Copy out exactly the lines beginning with the one that contains "人工木でネジが見えない仕様に" and ending at the last line of the listing, skipping any pictures.

##### Data

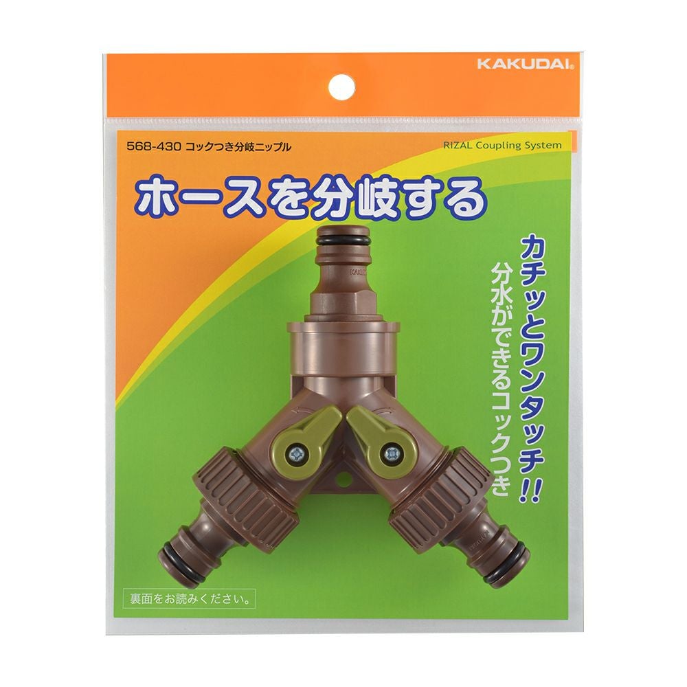 ホーセンドの付いたホース同士を二方向に分水する事が出来る散水接手です。
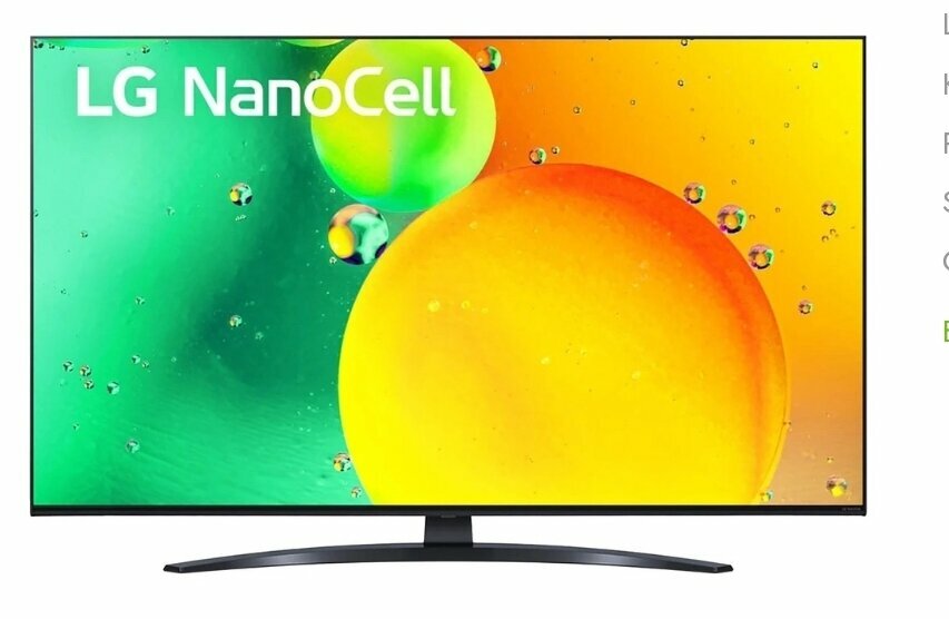 LG LED Телевизор 4K Ultra HD LG 43NANO766QA NanoCell Гарантия производителя.
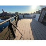 人工木でネジが見えない仕様になっておりますのでとてもきれいにみえます。 腐りにくく割れづらく、耐侯年数が10~15年と長くなり長く使えるウッドデッキになりました。
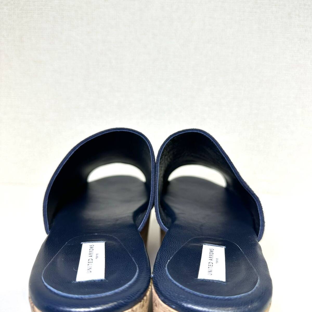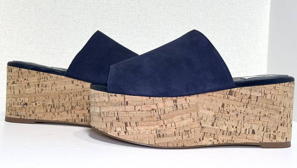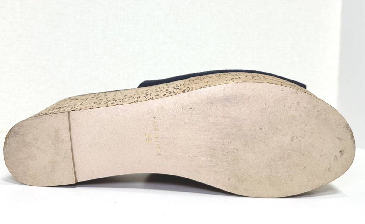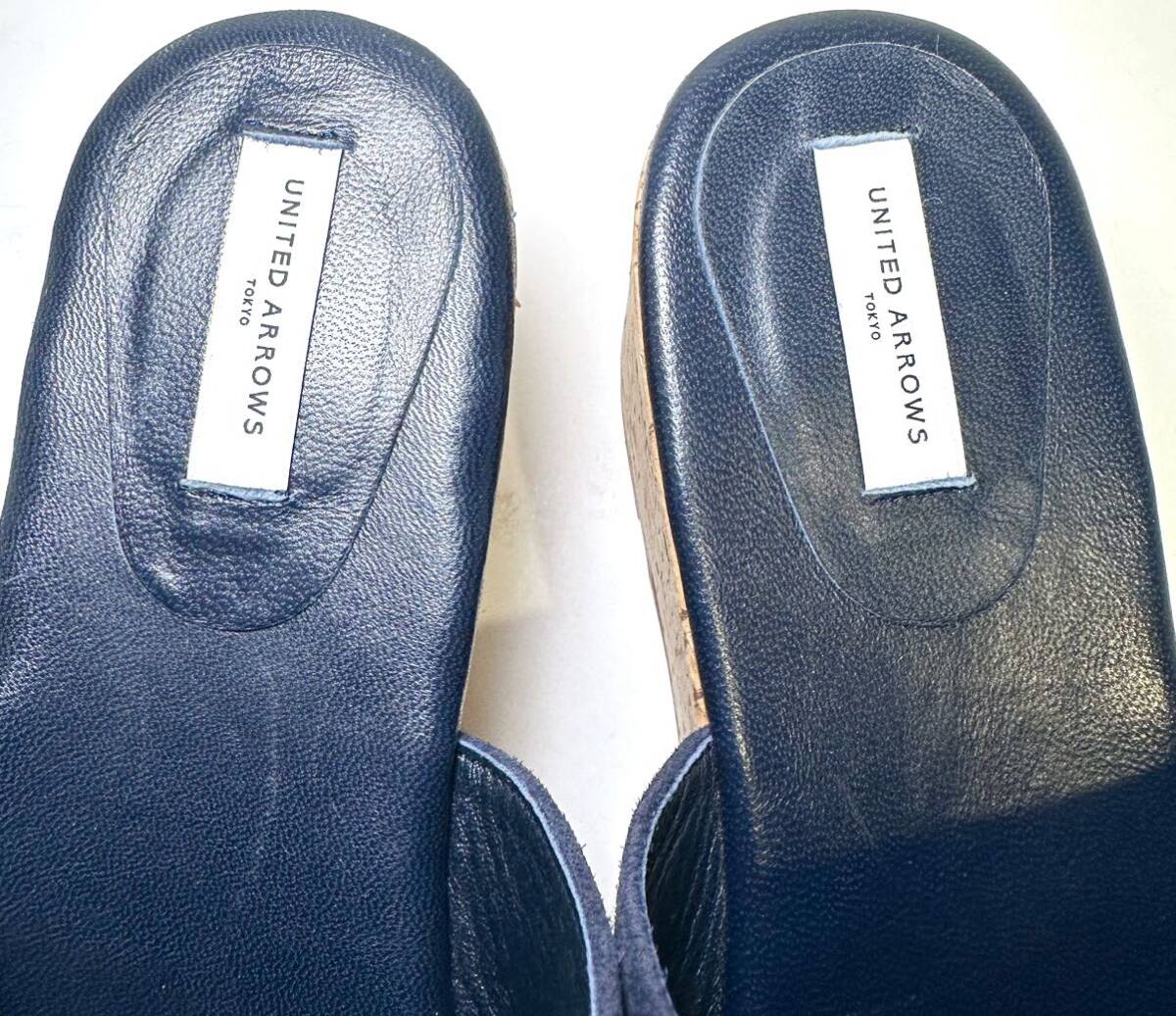 即決/美品/UNITED ARROWS ユナイテッドアローズ 38 24.0㎝/ネイビー/レディース/革靴/スエード ウェッジソール サンダル/マリン/ブルー/コルク
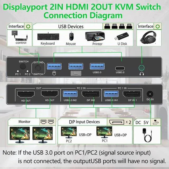 High-Speed USB 3.0 Hub for Expanded Connectivity: If the USB 3.0 port on the active source (PC1 or PC2) is not connected, the USB ports on the output side will have no signal. Equipped with 4 USB ports (3 Type-A + 1 Type-C), delivering transfer speeds up to 5Gbps. Connect your mouse, keyboard, flash drives, hard drives, printers, and other peripheralsall from one central hub.
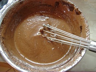 Amíg a tészta sül, készítsük el a krémet: gőz fölött addig keverjük a tojást a cukorral és a kakaóporral, amíg be nem sűrűsödik. Hagyjuk kihűlni.
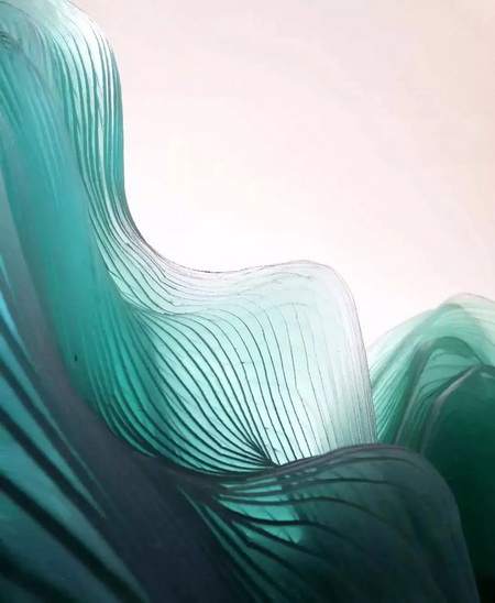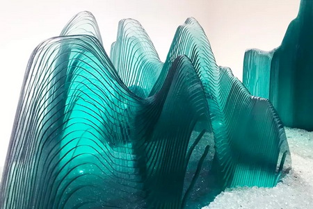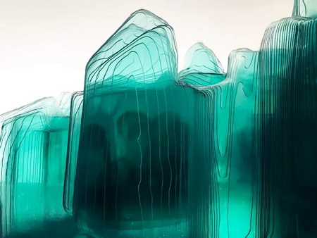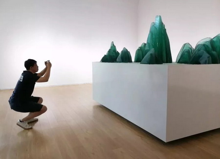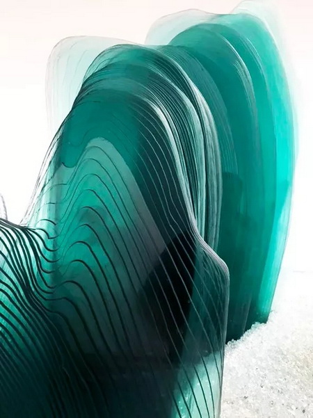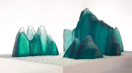 作品使用玻璃、人造大理石、金属等,利用顶尖工艺层层切割、合制,完美转译了三段古代经典山水图像。在完整庄重的体量感之上,又有出乎意料的轻盈、飘逸的视觉美感。
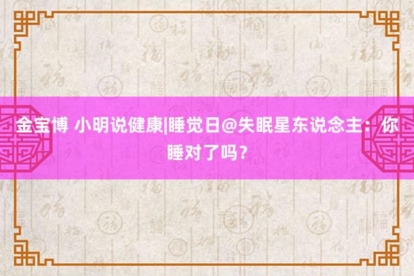 金宝博 小明说健康|睡觉日@失眠星东说念主:你睡对了吗?
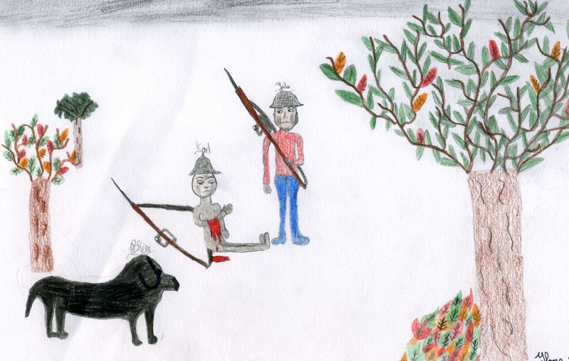 Quand soudain un régiment débarque puis bouscule les personnes. Les deux soldats français leur portent secours. Pendant la bataille, un des soldats français laisse tomber un paquet. L’enfant le ramasse et le donne à l’autre soldat français. Le commandant était stupéfié car dedans il y avait une oreille coupée.

##########

> [Answer space]:
 人工木でネジが見えない仕様になっておりますのでとてもきれいにみえます。 腐りにくく割れづらく、耐侯年数が10~15年と長くなり長く使えるウッドデッキになりました。
 即決/美品/UNITED ARROWS ユナイテッドアローズ 38 24.0㎝/ネイビー/レディース/革靴/スエード ウェッジソール サンダル/マリン/ブルー/コルク
 High-Speed USB 3.0 Hub for Expanded Connectivity: If the USB 3.0 port on the active source (PC1 or PC2) is not connected, the USB ports on the output side will have no signal. Equipped with 4 USB ports (3 Type-A + 1 Type-C), delivering transfer speeds up to 5Gbps. Connect your mouse, keyboard, flash drives, hard drives, printers, and other peripheralsall from one central hub.
 Amíg a tészta sül, készítsük el a krémet: gőz fölött addig keverjük a tojást a cukorral és a kakaóporral, amíg be nem sűrűsödik. Hagyjuk kihűlni.
 作品使用玻璃、人造大理石、金属等,利用顶尖工艺层层切割、合制,完美转译了三段古代经典山水图像。在完整庄重的体量感之上,又有出乎意料的轻盈、飘逸的视觉美感。
 金宝博 小明说健康|睡觉日@失眠星东说念主:你睡对了吗?
 Quand soudain un régiment débarque puis bouscule les personnes. Les deux soldats français leur portent secours. Pendant la bataille, un des soldats français laisse tomber un paquet. L’enfant le ramasse et le donne à l’autre soldat français. Le commandant était stupéfié car dedans il y avait une oreille coupée.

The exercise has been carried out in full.